5. TREES · PLANT them. Three young poplars have been removed from near my house in Soller. The reasons given are unconvincing. It was said they were diseased. They looked healthy enough to me. Many of us suffer from some sort of major or minor ailment without having to be removed. Anyway trees are our greatest hope of combating climate change and redressing the balance between how much we ourselves must change and how much we'd rather stay as we are -- whatever the cost. There is no doubt that our planet has reached a point of crisis where even three poplars matter and we should be planting trees by the million, not cutting them down. Yet the rainforests continue to disappear mile by mile while the black blanket above us thickens. Very well, what trees should we plant? Quick-growing poplars, there are scores to choose from: the ordinary oak and, for our great-grandchildren, the magnificent slow-growing evergreen oak Quercus ilex. Then there are the maple, the hornbeam, the beech, birch and the cypress. Nor need we forget the hundreds of fruit trees ranging from apple and pear, lemon and orange, to my own favourite the persimmon, which grows lustily in my garden and rewards me with the sweetest of fruits from September to Christmas. I haven't yet mentioned the fig -- black, golden and green ripening from June to December. The Germans have even invented one that grows in cold climates and more interestingly than the Ischia and good old Brown Turkey. Amen! How could I have forgotten the olive!

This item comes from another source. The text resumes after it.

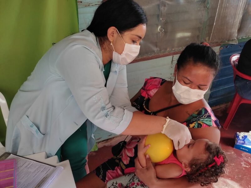 De casa em casa, chamando os vizinhos, conhecidos, reunindo as crianças, assim é a busca ativa das equipes de saúde da Prefeitura de Macapá nos bairros da capital. O serviço leva atendimentos e orientação, além de fazer a atualização do cartão de vacinação infantil.

6. NOISY MOTORBIKES l IT seems that many of the boys and young men here in Soller are not sure whether they have balls or not unless they shatter the air with the cracking blasts from their bikes. Let the police arrest and fine these upstarts. Go your way, dear boys, and accept the fact that many have come to these blessed islas to get away from noise, and also that there are better ways of proving your virility. The hallmark of a man is confidence in himself and consideration for others.

7. FLOODLIGHTS l IS it necessary for the floodlights over the football pitch to floodlight the whole of Soller? This not only obliterates the beautiful evening sky but blinds drivers coming from certain directions. And there is a third casualty: the ecological ordering of day passing into night is thrown into chaos. Birds think it is day and leave their nests. Bats think they have missed their twilight dinner. The stealth of owls is wrecked by too much light and rats and mice are no longer easy prey. The remedy for all this is not far to seek. Put blinkers on those floodlights so that they shine only on what is directly beneath and not on the whole of Soller. Is any of this really important? Yes, very! Its consequences are far reaching in untold directions and reflect our seriousness in keeping not only Soller but a world worth living in.

8. POSTSCRIPT l ALL the above suggestions are made in response to the Mayor of Soller, Carlos Simarro Vicens, in a letter dated November 10, 2006, in which he invited foreign residents to air their views on how the quality of life here could be improved. This was not only a gracious invitation but a shrewd one. The Mayor knows only too well that without foreign residents and visitors the economy of the Balearics would collapse. There are other places where the sun shines and all are beckoning.